Survey respondents cite the top three benefits of owning a managed account as “having confidence my portfolio is properly diversified; being able to talk to a financial professional about my investments; and having confidence I’m on track to meet my investing goals.”
“Working with a professional money manager can benefit even the most seasoned investors by taking the emotion out of their financial decisions,” explains Rich Compson, head of managed accounts at Fidelity. “We hear time and again from investors—particularly nervous ones—that a managed account has helped them stay properly allocated during stressful times when they otherwise would have overreacted, like in volatile markets.”
The survey results show investors “don’t have to have a complicated portfolio to reap the benefits of a managed solution.” In fact, according to Fidelity, just 10% of survey respondents “say their financial needs are very complex.”
Fidelity’s survey examined triggers that prompted people to make the move from do-it-yourself investing to a professionally managed account. They cite “lack of skill, will or time to manage my own investments” as the most prominent reason, at 31%, followed by a desire for a financial professional to tell them what to do (23%) and a life event (22%).
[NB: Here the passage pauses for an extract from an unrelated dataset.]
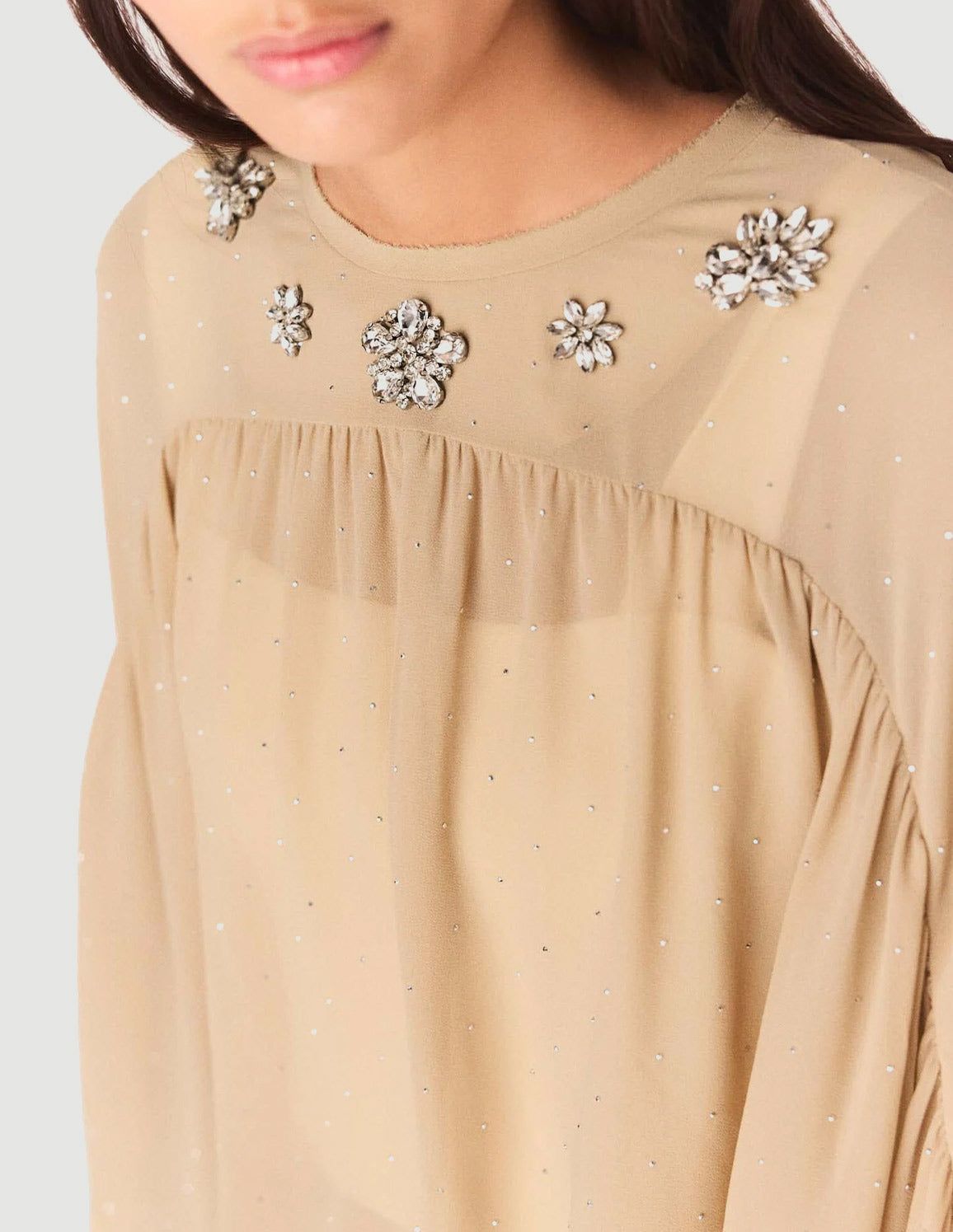 • This season is all about boldness and delicacy, where unexpected refinement meets urban energy. This floaty, sheer blouse is captivating with its loose, cape-style cut and meticulous details: a neckline illuminated with crystal flowers and a shower of silver rhinestones. The airy, luminous silhouette will make you shine, day or night.

Investors of all ages report that a family member or friend (30%), a financial adviser (25%) or their company’s retirement plan (20%) introduced them to a managed account.
While on average respondents started investing around age 30, pivotal life events such as marriage, change in job status or birth of a child commonly serve as the triggers pushing an investor to use professionally managed investments. And as Fidelity lays out, “managed accounts offer more than a point in time solution, as 72% of Baby Boomers surveyed have invested in a managed account for more than 20 years.”
Fidelity’s data shows users of the structure on average hold 68% of their total investable assets in a managed account, with Baby Boomers reporting the highest average at 77%. Millennials hold 64% of their assets in a managed account compared to Gen Xers at 62%.